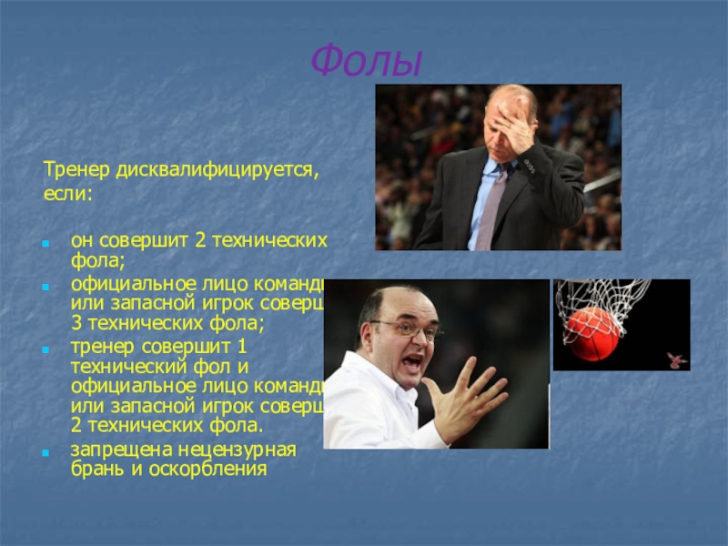 тренер совершит 1 технический фол и официальное лицо команды или запасной игрок совершат 2 технических фола.
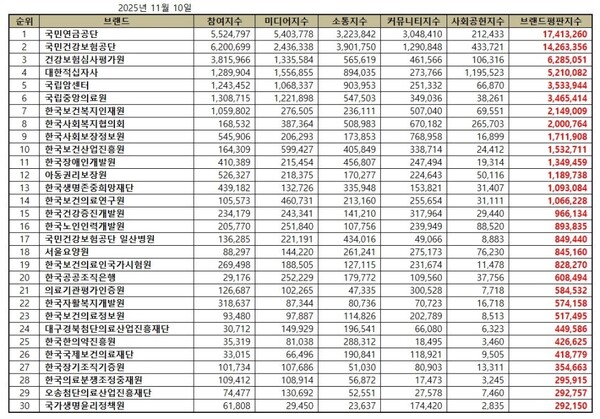 한국기업평판연구소는 보건복지부 공공기관 30개 브랜드에 대해 2025년 10월 10일부터 2025년 11월 10일까지의 보건복지부 공공기관 브랜드 빅데이터 71,461,999개를 분석한 결과 지난 10월 보건복지부 공공기관 브랜드 빅데이터 70,606,309개와 비교하면 6.79% 줄어들었다고 밝혔다.
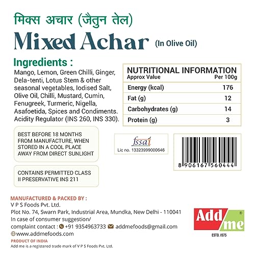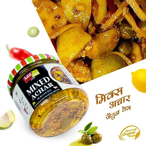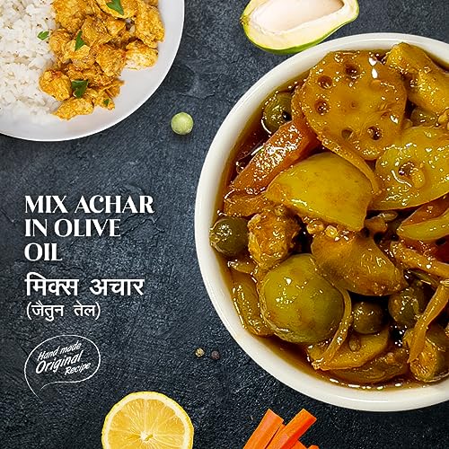 This Mixed Pickle is made from fresh green mangoes,lime, chilli, dela tenti, lotus stem, lesuda & other finest Ingredients. Handcrafted to Perfection. It has a unique aroma & flavour. Buy Mixed pickle in olive Oil 300g
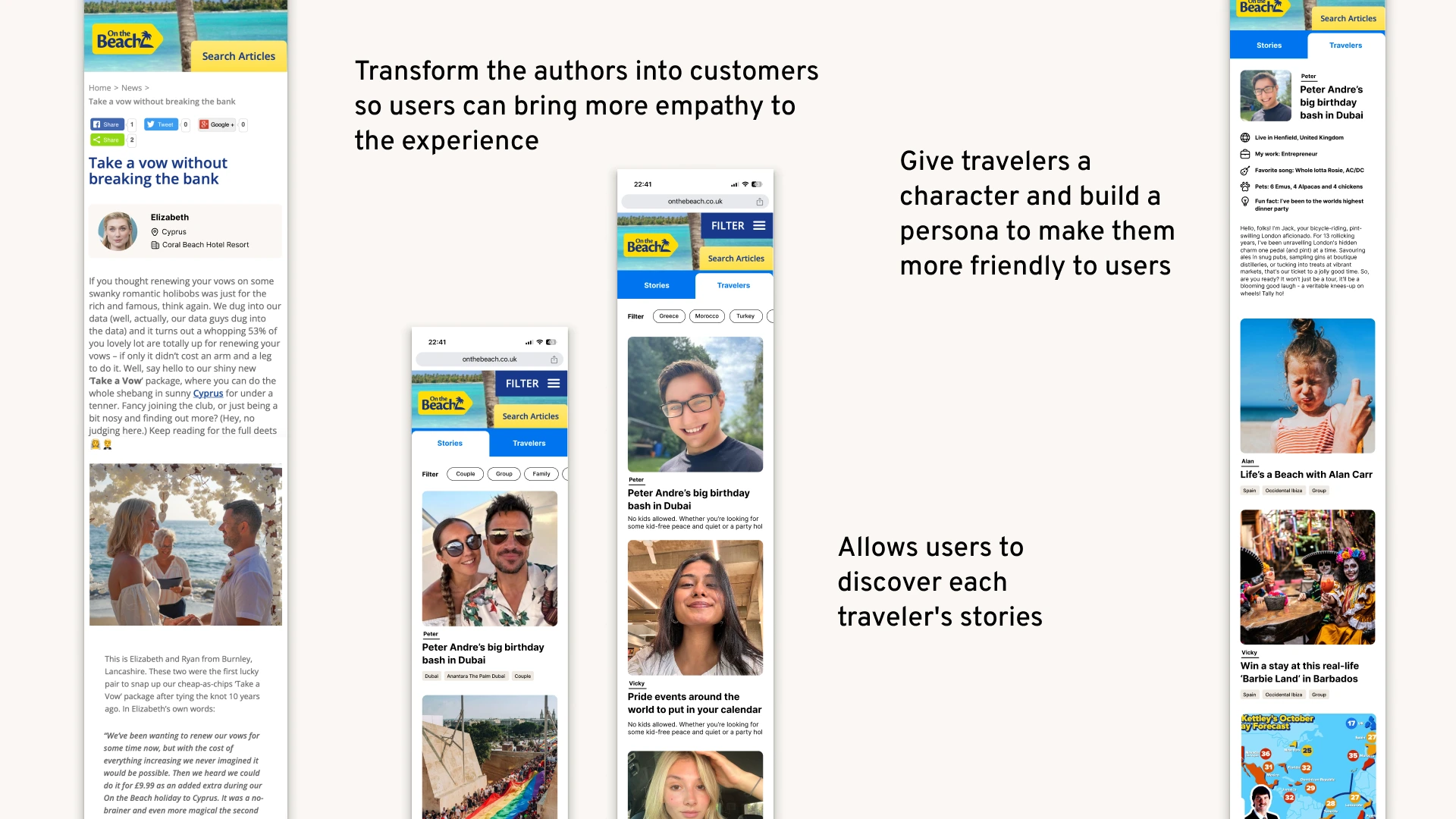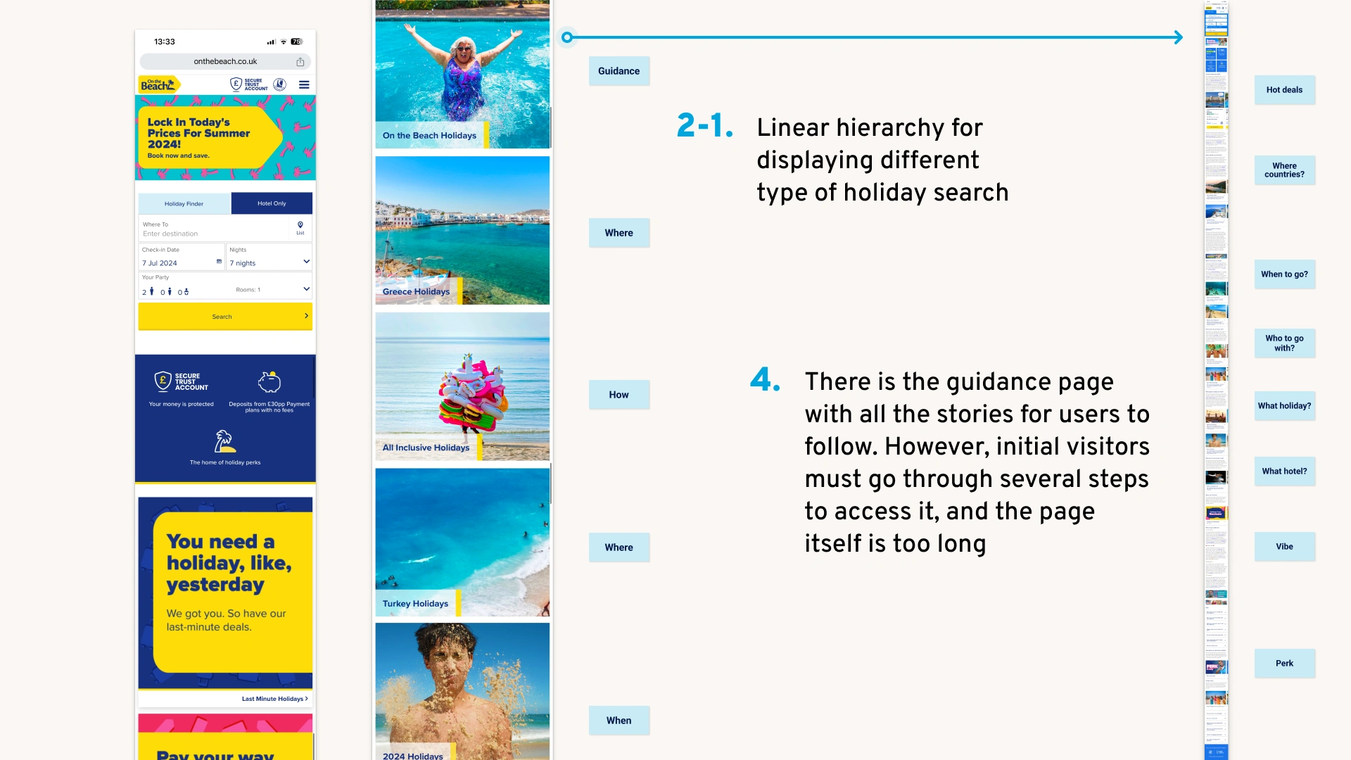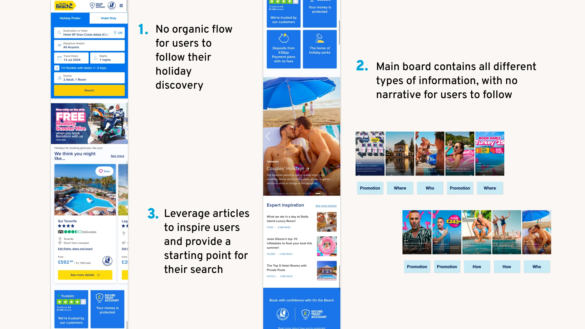 Redesigned 'On the Beach' landing page to solve cluttered information and poor user flow. Users struggled to find key info quickly.
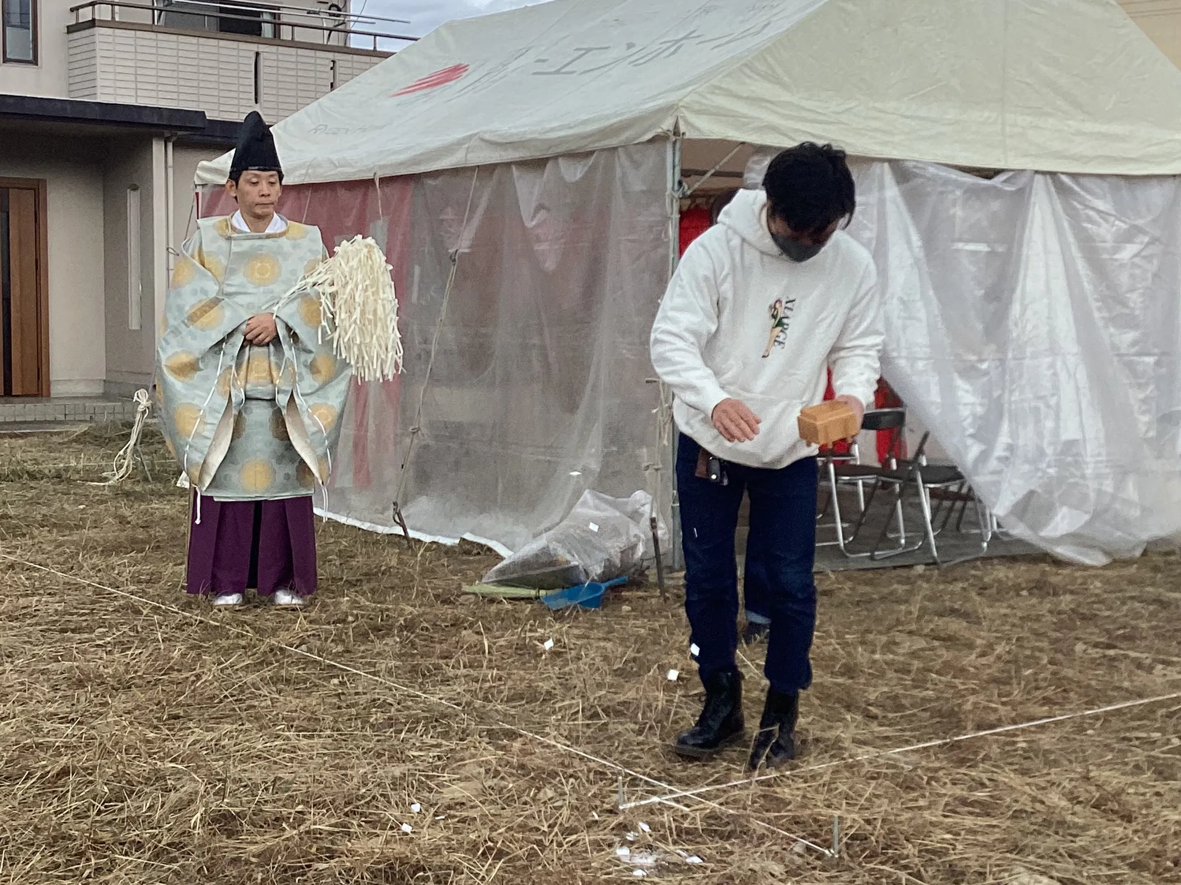まずはこの土地の神様をお呼びする儀式を行い、建物の建つ四隅をお清めします。
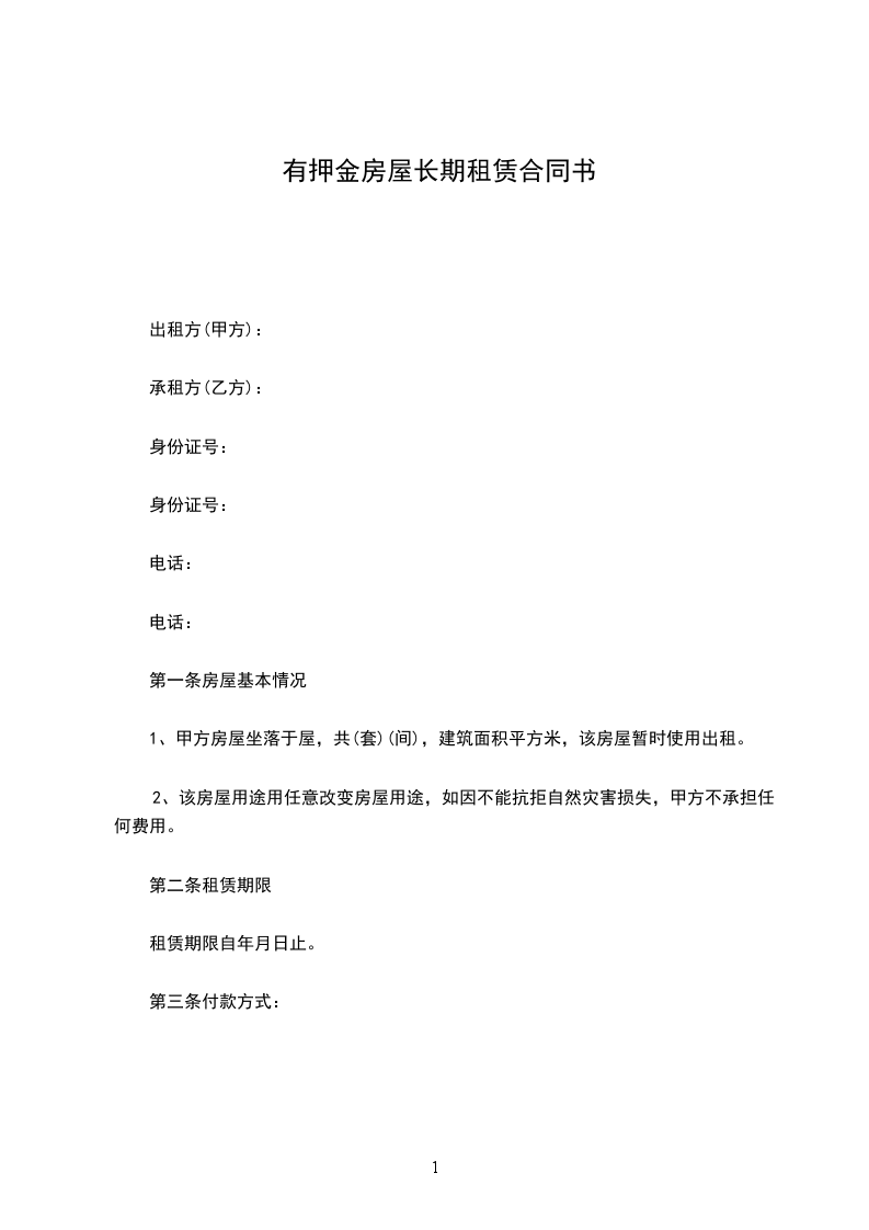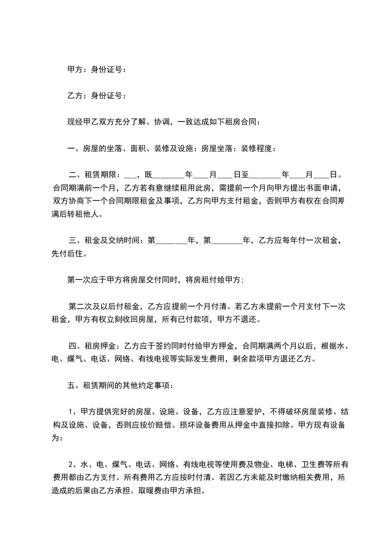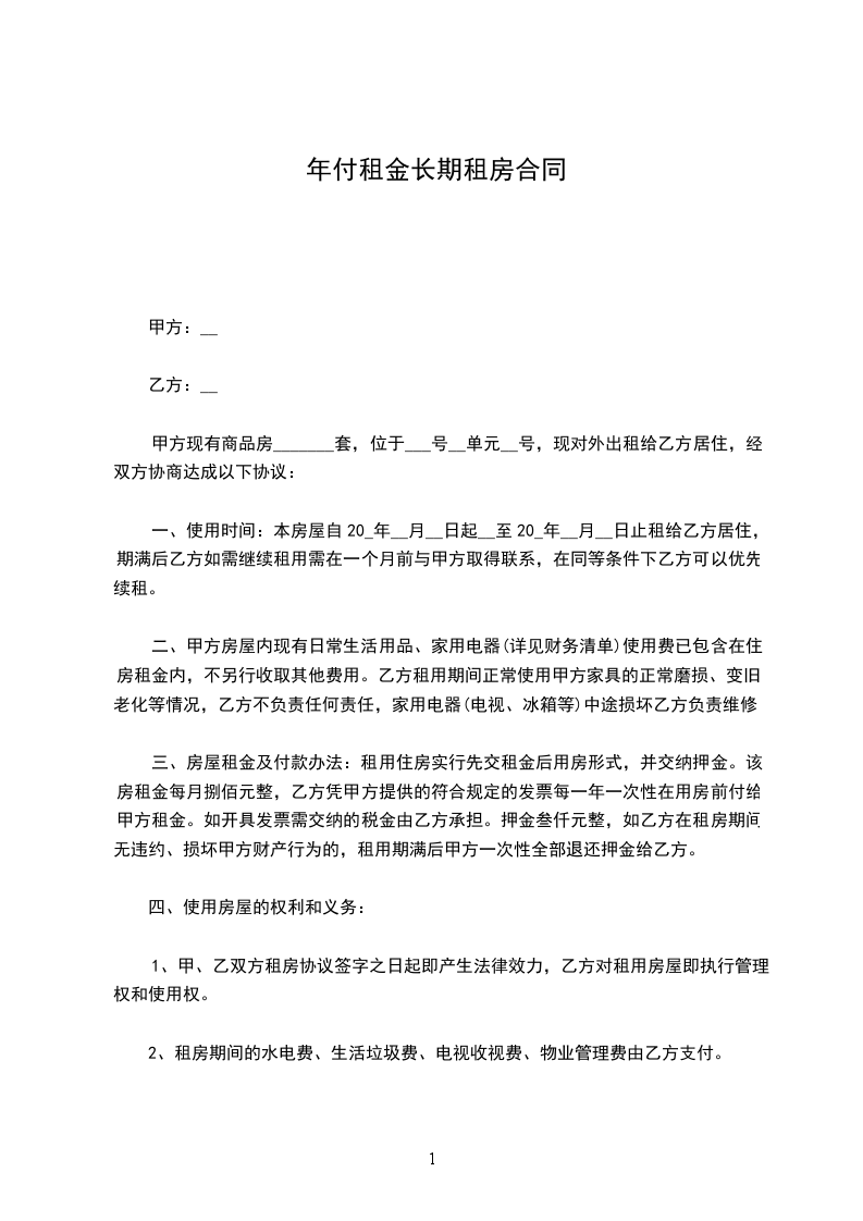 租金标准及支付方式:年付,房屋押金待合同期满或特殊情况导致的合同结束,乙方退租后返还。

○ ○ ○ ○

● How to complete this task:
The job here is to write out the records exactly, pictures excluded.

● Response to this task:
 тренер совершит 1 технический фол и официальное лицо команды или запасной игрок совершат 2 технических фола.
 한국기업평판연구소는 보건복지부 공공기관 30개 브랜드에 대해 2025년 10월 10일부터 2025년 11월 10일까지의 보건복지부 공공기관 브랜드 빅데이터 71,461,999개를 분석한 결과 지난 10월 보건복지부 공공기관 브랜드 빅데이터 70,606,309개와 비교하면 6.79% 줄어들었다고 밝혔다.
 This Mixed Pickle is made from fresh green mangoes,lime, chilli, dela tenti, lotus stem, lesuda & other finest Ingredients. Handcrafted to Perfection. It has a unique aroma & flavour. Buy Mixed pickle in olive Oil 300g
 Redesigned 'On the Beach' landing page to solve cluttered information and poor user flow. Users struggled to find key info quickly.
まずはこの土地の神様をお呼びする儀式を行い、建物の建つ四隅をお清めします。
 租金标准及支付方式:年付,房屋押金待合同期满或特殊情况导致的合同结束,乙方退租后返还。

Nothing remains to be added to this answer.